* [Directions for this task]
Give an exact copy of the data that follows, but none of its pictures.

* [Material provided]
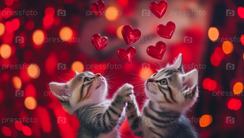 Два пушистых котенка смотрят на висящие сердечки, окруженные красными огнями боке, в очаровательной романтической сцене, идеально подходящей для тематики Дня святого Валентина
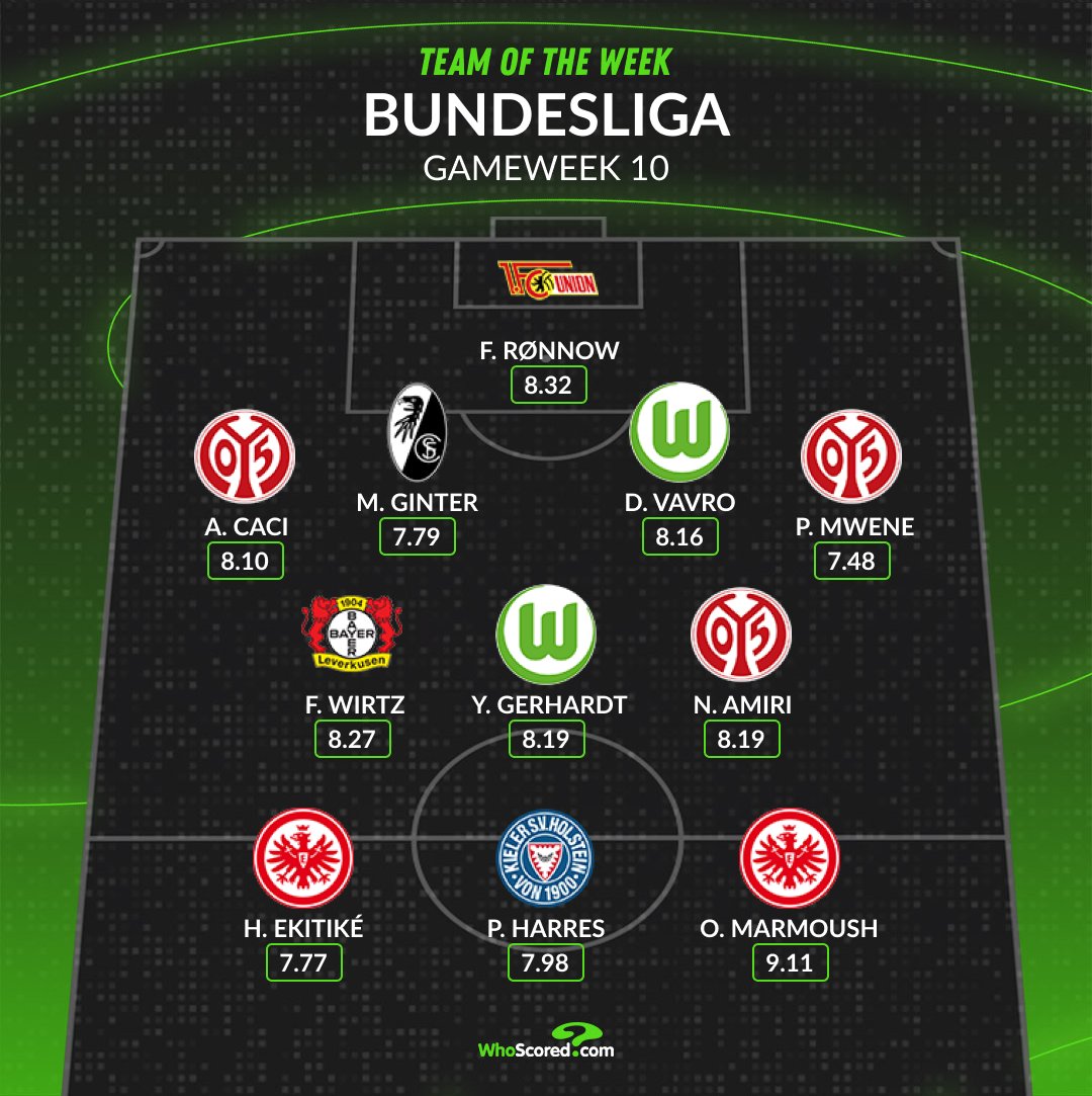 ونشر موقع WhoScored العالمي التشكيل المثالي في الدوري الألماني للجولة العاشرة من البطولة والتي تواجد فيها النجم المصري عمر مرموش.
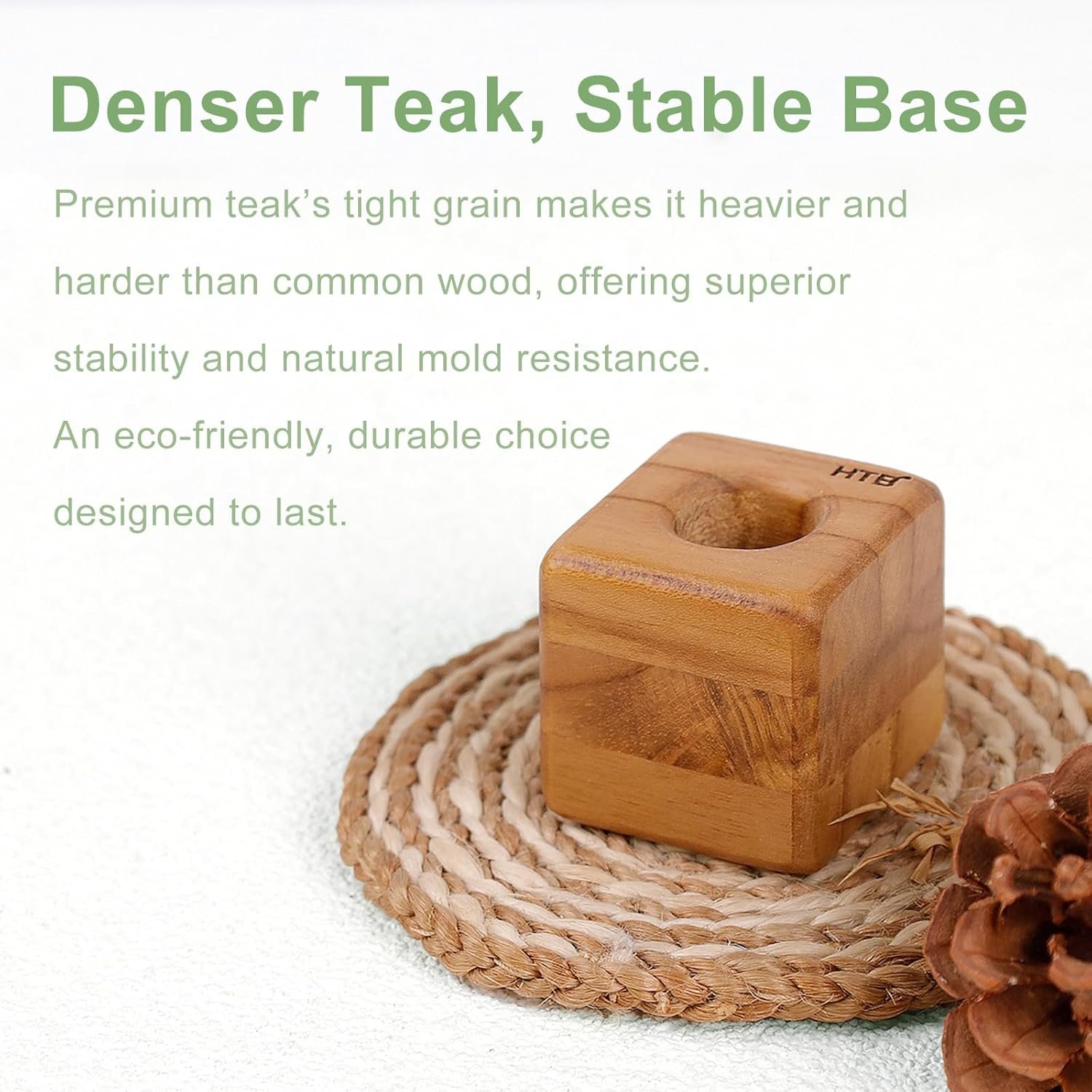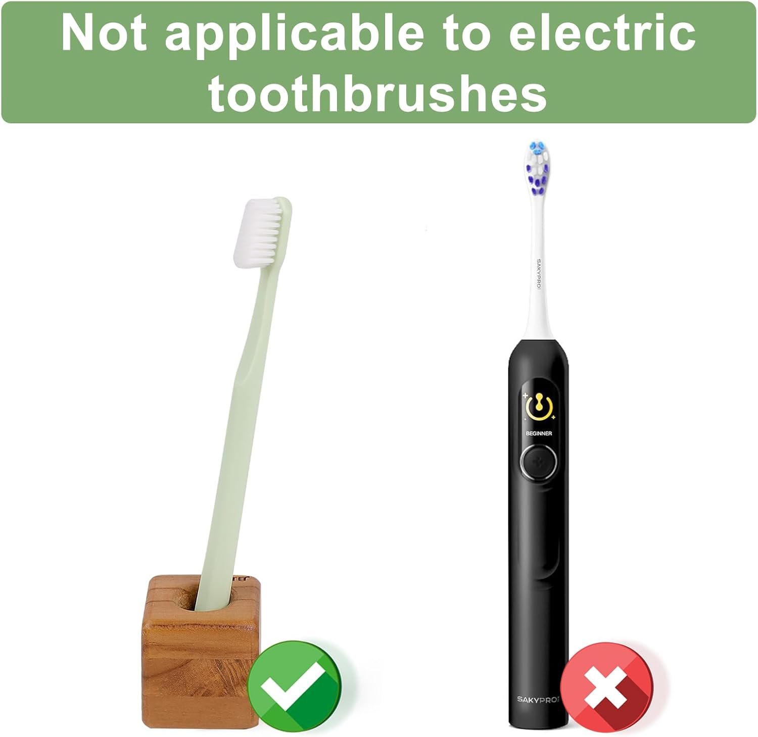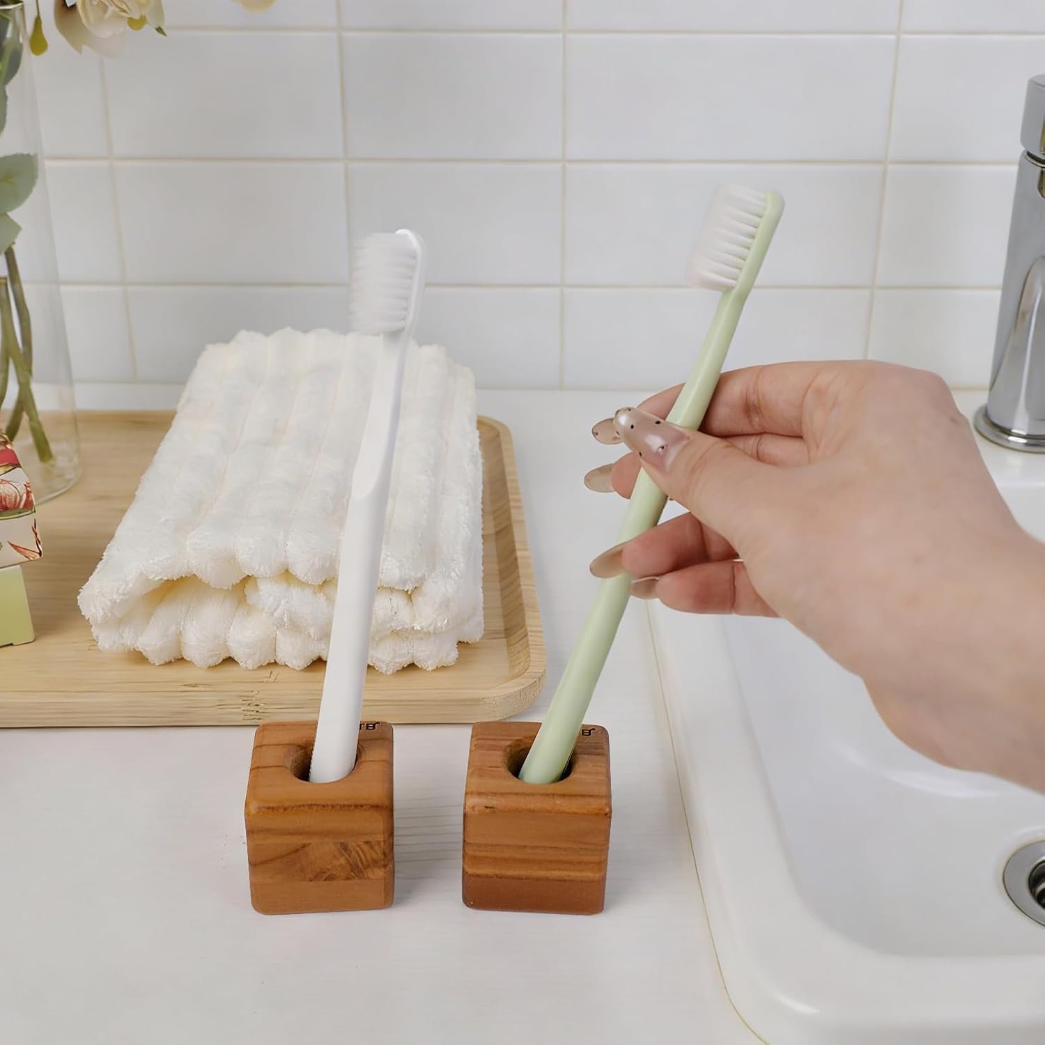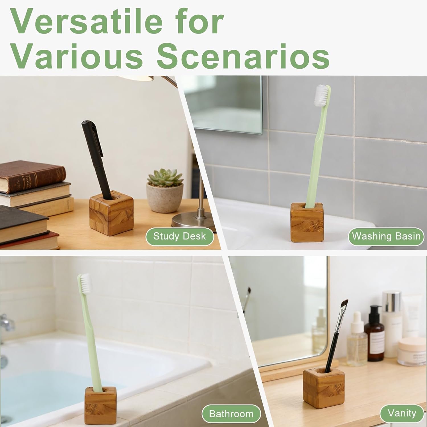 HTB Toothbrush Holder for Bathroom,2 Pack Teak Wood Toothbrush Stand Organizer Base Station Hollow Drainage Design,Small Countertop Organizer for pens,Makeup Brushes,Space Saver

* [Solved problem]
 Два пушистых котенка смотрят на висящие сердечки, окруженные красными огнями боке, в очаровательной романтической сцене, идеально подходящей для тематики Дня святого Валентина
 ونشر موقع WhoScored العالمي التشكيل المثالي في الدوري الألماني للجولة العاشرة من البطولة والتي تواجد فيها النجم المصري عمر مرموش.
 HTB Toothbrush Holder for Bathroom,2 Pack Teak Wood Toothbrush Stand Organizer Base Station Hollow Drainage Design,Small Countertop Organizer for pens,Makeup Brushes,Space Saver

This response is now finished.